- Records to use:
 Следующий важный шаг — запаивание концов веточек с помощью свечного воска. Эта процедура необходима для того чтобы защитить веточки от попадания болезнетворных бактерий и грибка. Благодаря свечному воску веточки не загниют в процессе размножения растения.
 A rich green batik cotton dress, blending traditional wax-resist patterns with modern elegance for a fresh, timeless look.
* * *
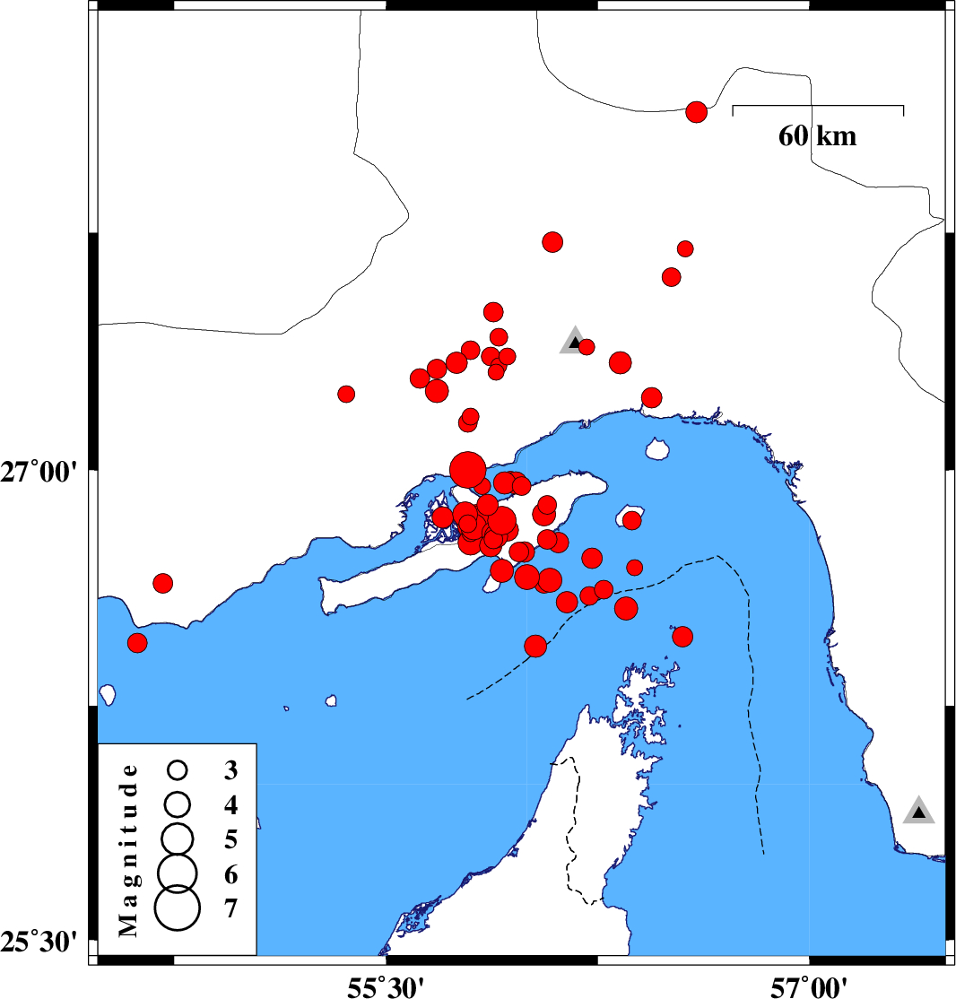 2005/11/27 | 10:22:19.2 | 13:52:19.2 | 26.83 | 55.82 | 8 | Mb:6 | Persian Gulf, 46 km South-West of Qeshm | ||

- Task description: Where the line holding "Следующий важный шаг" appears in the listing above, start reproducing exactly, and end with the line holding "A rich green".

- Your solution:
 Следующий важный шаг — запаивание концов веточек с помощью свечного воска. Эта процедура необходима для того чтобы защитить веточки от попадания болезнетворных бактерий и грибка. Благодаря свечному воску веточки не загниют в процессе размножения растения.
 A rich green batik cotton dress, blending traditional wax-resist patterns with modern elegance for a fresh, timeless look.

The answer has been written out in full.